理由として、大腿骨転子部や転子下には筋肉の付着が多く、筋収縮によって離開させる方向に働いてしまい、癒合不全を起こす場合があるからです。
例外として、骨折部が大転子のみで転位が存在しない場合だけは、保存療法にて良好な結果が得られやすいです。
受傷前より寝たきりで歩行不能な場合や、理由があって手術が実施できないケースでは高い確率で偽関節を形成します。
術後合併症の発生率
大腿骨骨折に対して骨接合術を実施した場合に、主な合併症の発生率は以下のように報告されています。
また、内科合併症としては「肺炎」や「心疾患」が多く、術後の死亡原因では肺炎が30-44%で最大となっています。
合併症 | 発生率 |
深部静脈血栓症 | 31-50% |
偽関節/骨癒合不全 | 0.8-2.9% |
骨頭壊死 | 0.3-1.2% |
深部静脈血栓症の症状
深部静脈血栓症(deep vein thrombosis:DVT)の代表的な検査方法に、ホーマンズ徴候があります。
方法として、膝を伸展した状態で足首を背屈することにより、ふくらはぎに不快感が生じたら陽性とします。
感度も特異度も高くないために決定的な方法とはいえませんが、DVTを疑う徴候として知っておいた方が良いです。

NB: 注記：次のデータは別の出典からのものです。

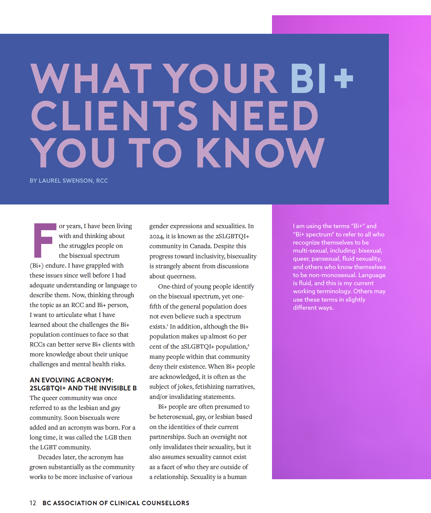 This article, What Your Bi+ Clients Need You To Know, about guiding and educating Registered Clinical Counsellors on important information about counselling clients who fall on the Bisexual spectrum. Insights magazine is the publication serving the members of the British Columbia Association of Clinical Counsellors (BCACC), which means that every RCC receives this magazine in the mail.
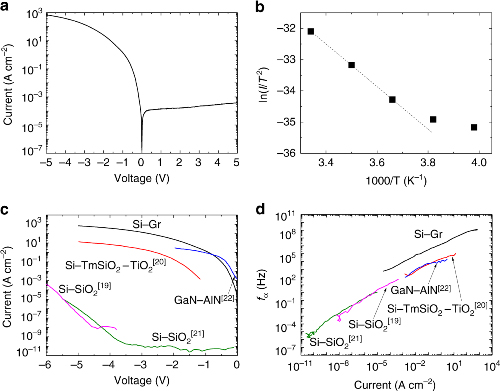 图2 硅-石墨烯发射结性能。a. 发射结IV曲线。 b. 漏电流和温度的依赖关系。c. 与隧穿发射结的开态电流的对比。 d. 与隧穿发射结的共基极截止频率的对比。

より信頼性のある方法として、以下に示す5つの症状のうち3つ以上が該当し、他の疾病の可能性が除外できる場合はDVTの可能性が高いです。
1 | 脚の圧痛 |
2 | 脚全体の腫脹 |
3 | 両ふくらはぎ間の3cmを超える外周差 |
4 | 圧痕浮腫 |
5 | 表在性の側副静脈 |
深部静脈血栓の予防法
深部静脈血栓の予防として、術後の臥床中にベッドにて足関節の底背屈運動、下肢筋力のトレーニングを積極的に行うことが有用です。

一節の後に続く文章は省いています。